Well Mrs1980... on the surface it does sound hokey that he has so many darn emails. That's weird, IMO.


----------



## TheFamilyMan (May 4, 2011)

is he involved in any business you may not know about? cause he could be using the emails you do not recognize for some kind of business... does he travel to Canada at all?


----------



## Mrs1980 (May 6, 2011)

We've only gone to Canada on 2 occasions-Windsor and Toronto once each since we've been together. It looks like a lot of the addresses are west coast-Vancover Alberta British Columbia. He doesn't travel at all for business...Any ideas?


----------



## uhaul4mybaggage (Jul 20, 2010)

Okay, so your predicament intrigued me. I put my own email address into the google bar, and it came up with emailfinder.com, and it also came up with my Picassa photos, which I could then click on and look at. I would keep quiet for now, and get the last 5 or so most recent addresses, plus any that stand out as very regularly used. Plug them into google from a computer NOT at your house, and see what you get. THen let us know.


----------



## mmiller1234576 (May 3, 2011)

Just my .02 on the emails piling up. There is a setting on a large number of ISP/Email providers that keep track and all all incoming email addresses to a persons address book. The idea is if your getting emails from someone, you would want to keep their address. 
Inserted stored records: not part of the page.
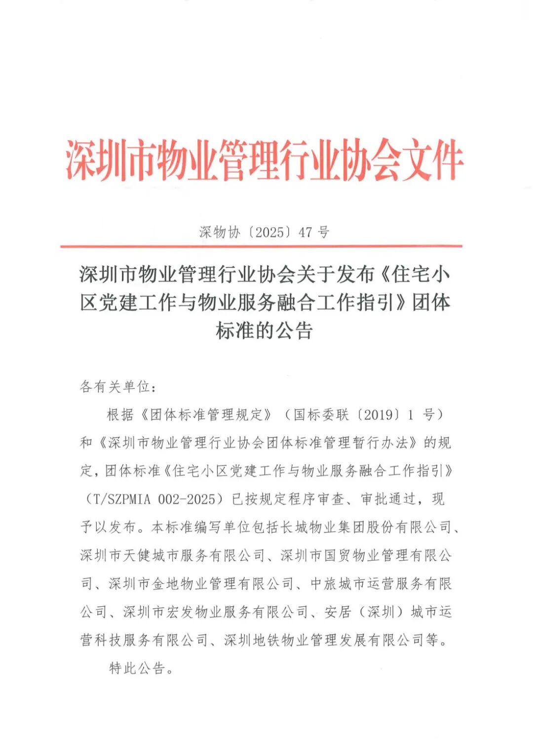 002-2025)已按规定程序审查、审批通过,现予以发布。本标准编写单位包括长城物业集团股份有限公司、深圳市天健城市服务有限公司、深圳市国贸物业管理有限公司、深圳市金地物业管理有限公司、中旅城市运营服务有限公司、深圳市宏发物业服务有限公司、安居(深圳)城市运营科技服务有限公司、深圳地铁物业管理发展有限公司等。通知原文如下:
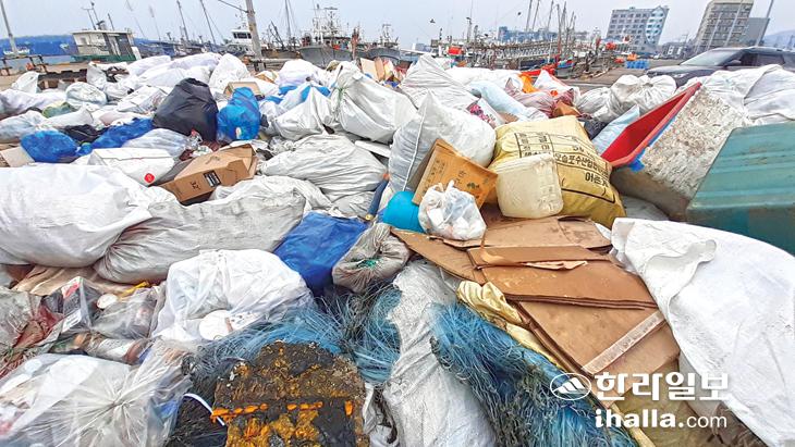 서귀포시 대정읍 모슬포항에 어선에서 나온 폐어구들이 산더미처럼 쌓여 눈살을 찌푸리게 한다. 강희만기자
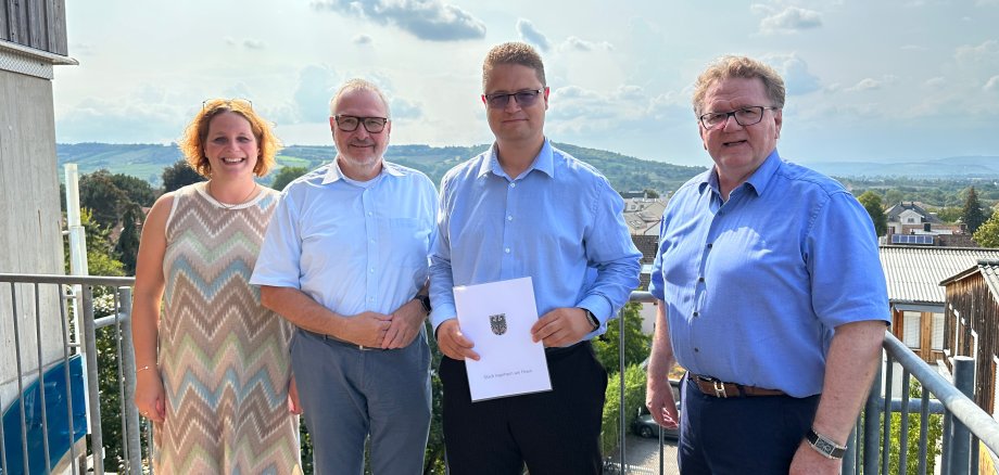 Im Rahmen einer kleinen Feierstunde überreichte Oberbürgermeister Ralf Claus neben einem kleinen Präsent die Dankesurkunde der Stadt Ingelheim. Stefan Rolletter, Leiter des Hauptamtes, Personalratsvorsitzende Nicole Gregori zählten ebenso zu den Gratulanten.

one thing to look at is the sent items folder and see when it was accesses or used last. that could tell you if it has been uses recently. One other item is take the part after @blablabla.com and put it in a google search to see what types of companies they are. If you goto network solutions.com you can do a "whois" search and get some answers on what types of companies they are along with phone numbers and addresses


----------



## KathyGriffinFan (Apr 4, 2011)

You can go to various sites to input email addresses and see what you find.

Go here, here, or here and input the email addresses under the correct section and hit submit. Sometimes you get results and sometimes you don't.


----------